Hi Justin

First: 

It works, thank you :-)

Second: 

You wrote:
>Again, as has been stated several times, giving any Gromacs program a 
command line option (like -s or -f) in the absence of an explicit file 
>name, will cause the program to look for a default file name (which are 
listed in the manual or with -h).  In the first case, with no file name 
given >to -s, trjconv looks for topol.tpr and fails.  In the second case, -f is 
looking for traj.xtc and fails.  Provide explicit file names for 
all options, unless >you actually have used the default names (which in 
your case, you haven't).
>
>Please go back to my previous advice: 
"Supply your .pdb file to the -s flag." That doesn't mean add -s to the 
command line and expect magic >to happen ;)  It means you need to invoke 
the -s flag to signal that you are providing a file there, and then name
 that file. 

This is the first time that I understand what you are talking about. I had 
problems because I don't understand your englisch, but now I got it.

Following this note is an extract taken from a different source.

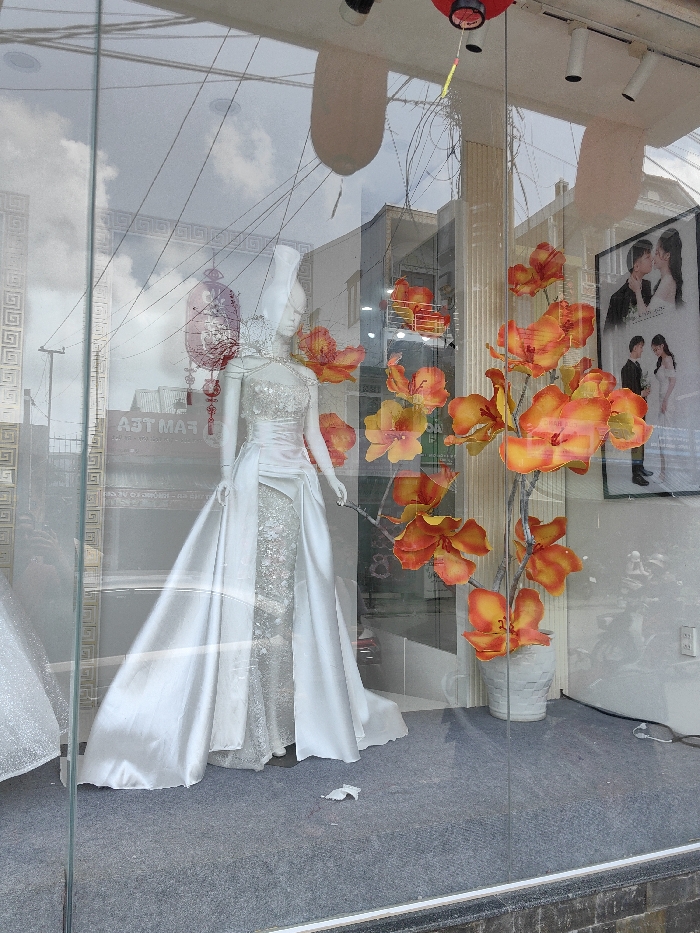The image depicts a storefront window display, located in Vỹ Dạ Ward, Vietnam. The scene is observed through clear glass, which reflects the exterior environment. **Inside the Display:** A central, white, full-body female mannequin is positioned, wearing an elaborate, floor-length white wedding gown. The gown features a high-necked, heavily embellished bodice, a flowing satin overskirt that opens in the front, and a fitted, glittery lace underskirt. A tall, sculptural white headpiece adorns the mannequin's head. To the left, a portion of another white, possibly glitter-embellished, gown is visible. To the right of the central mannequin, a large artificial floral arrangement of vibrant orange and yellow flowers, resembling orchids, stands in a textured white vase. The display floor is covered with a dark grey carpet. On the far right wall within the display, a large framed poster or photograph features two wedding portraits: one showing a couple kissing, and another below it depicting a standing couple. Recessed spotlights are visible on the display's ceiling. A white electrical outlet is present on the right wall, and small pieces of white debris are scattered on the carpet near the central mannequin's feet. **Reflected Exterior Environment (Vỹ Dạ Ward):** Reflected on the glass are elements of a busy urban street scene in Vỹ Dạ Ward. A partly cloudy sky is visible at the top. Numerous overhead electrical or communication wires crisscross the frame. Reflections of buildings across the street include one with a distinct key-pattern or meander-pattern border on its facade, and another with text, appearing as "FẠM TRÀ" (possibly reversed), indicating a business sign. A red decorative lantern with yellow accents is also reflected. A utility pole is visible in the reflection on the far left. The overall reflection suggests a typical streetscape in a Vietnamese city.

For every 
Gromacs Option I have to give a file for it and what file type this is I got 
out of help. 

Thanks for being such patient with me.

Greetings
Lara






----- Ursprüngliche Message -----
Von: Justin A. Lemkul <jalem...@vt.edu>
An: Discussion list for GROMACS users <gmx-users@gromacs.org>
CC: 
Gesendet: 18:35 Montag, 30.April 2012
Betreff: Re: [gmx-users] File editing - only one layer of water around a 
molecule



On 4/30/12 12:29 PM, Lara Bunte wrote:
> Hi Justin
> 
> I got the error
> 
> 
> Can not open file:
> topol.tpr
> 
> 
> if I type trjconv -n index.ndx -f molecule.pdb -o output.pdb -s
> 
> 
> and I got the error
> 
> Can not open file:
> traj.xtc
> 
> if I type trjconv -n index.ndx -f -s molecule.pdb -o output.pdb
> 
> 
> What is the problem?
> 

Again, as has been stated several times, giving any Gromacs program a command 
line option (like -s or -f) in the absence of an explicit file name, will cause 
the program to look for a default file name (which are listed in the manual or 
with -h).  In the first case, with no file name given to -s, trjconv looks for 
topol.tpr and fails.  In the second case, -f is looking for traj.xtc and 
fails.  Provide explicit file names for all options, unless you actually have 
used the default names (which in your case, you haven't).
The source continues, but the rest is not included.